Mechanism of Action: The primary action of a combined hormonal contraceptive containing an estrogen and progestin is to suppress the hypothalamic-pituitary system, decreasing the secretion of gonadotropin-releasing hormone (GnRH). Progestins blunt luteinizing hormone (LH) release, and estrogens suppress follicle-stimulating hormone (FSH) from the anterior pituitary. Both estrogen and progestin ultimately inhibit maturation and release of the dominant ovule. In pharmacodynamic studies comparing the actions of ethinyl estradiol; norelgestromin (Ortho Evra™) transdermal patch to OCs, transdermal delivery more completely suppressed follicular development. Viscosity of the cervical mucus also increases with hormonal contraceptive use, preventing penetration of sperm; an alteration in endometrial tissue also occurs. When hormonal contraception is discontinued, ovulation usually returns within three menstrual cycles but can take up to 6 months in some women. Pituitary function and ovarian functions recover more quickly than endometrial activity, which can take up to 3 months to regain normal histology.

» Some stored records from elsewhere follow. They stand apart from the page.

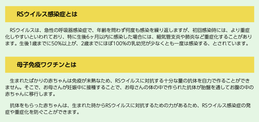 2026年4月1日より、当院においてもRSウイルスワクチン(アブリスボ)の公費接種が可能となります。 【対象】 妊娠28週0日~36週6日の妊婦さん 【接種方法】 自治体より交付された予診票をご持参のうえ、事前にご予約をお願いいたします。 【予診票について】 君津市・木更津市・富津市・袖ケ浦市にお住まいで、予診票をお持ちでない方は受付までお申し出ください。 その他の地域にお住まいの方は、お住まいの市区町村へお問い合わせください。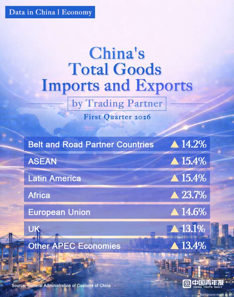 On the export side, China's exports totalled 6.85 trillion yuan in the first quarter, up by 11.9 percent year on year. Exports to the Association of Southeast Asian Nations grew by 17.5 percent, while exports to the European Union and the United Kingdom increased by 18 percent and by 15.3 percent, respectively. In addition, the rapid growth of the global artificial intelligence sector and green, low-carbon industries has driven a notable increase in demand for smart and green products.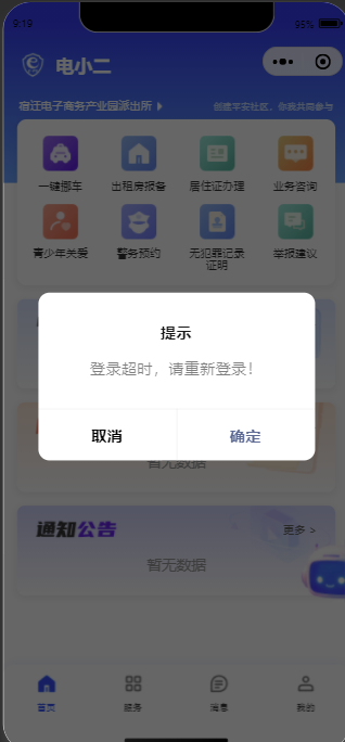 但是根据业务需求点击首页按钮的时候需要调用接口,因未登录所以提示,但是非强制性,有取消按钮可点击

Both estrogens and progestins are responsible for a number of other metabolic changes. The summary of these changes is dependent on the net actions of the estrogen and progestin combinations. Such total effects may only be clinically significant for some predisposed individuals. At the cellular level, estrogens and progestins diffuse into their target cells and interact with a protein receptor. Metabolic responses to estrogens and progestins require an interaction between DNA and the hormone-receptor complex. Target cells include the female reproductive tract, the mammary gland, the hypothalamus, and the pituitary. Estrogens increase the hepatic synthesis of sex hormone binding globulin (SHBG), thyroid-binding globulin (TBG), and other serum proteins. Estrogens generally have a favorable effect on blood lipids. Estrogens reduce LDL and increase HDL cholesterol concentrations. Serum triglycerides increase with estrogen administration. Folate metabolism and excretion is increased by estrogens and may lead to slight serum folate deficiency. Estrogens also enhance sodium and fluid retention.
Progestins are classified according to their progestational, estrogenic and androgenic properties. Norelgestromin combines high progestational activity with low androgenicity. Progestins in general can alter hepatic carbohydrate metabolism, increase insulin resistance, and have either little to slightly favorable effects on serum lipoproteins. Less androgenic progestins, like norelgestromin, have only slight effects on carbohydrate metabolism and are less likely to aggravate sebaceous glands and acne.
Serious adverse events to combined hormonal contraception, like thrombosis, have long been associated with the estrogen component but the specific progestin in the combined contraceptive may also have some effect. The mechanism for thrombosis may be associated with increased clotting factor production and/or decreases in anti-thrombin III. Minor side effects of hormonal contraception can be addressed by choosing formulations that take advantage of relative estrogen, progestin, and androgenic potencies.
 Ortho Evra Transdermal Patch (Film, Extended Release 20;150 mcg/24hr;mcg/24hr)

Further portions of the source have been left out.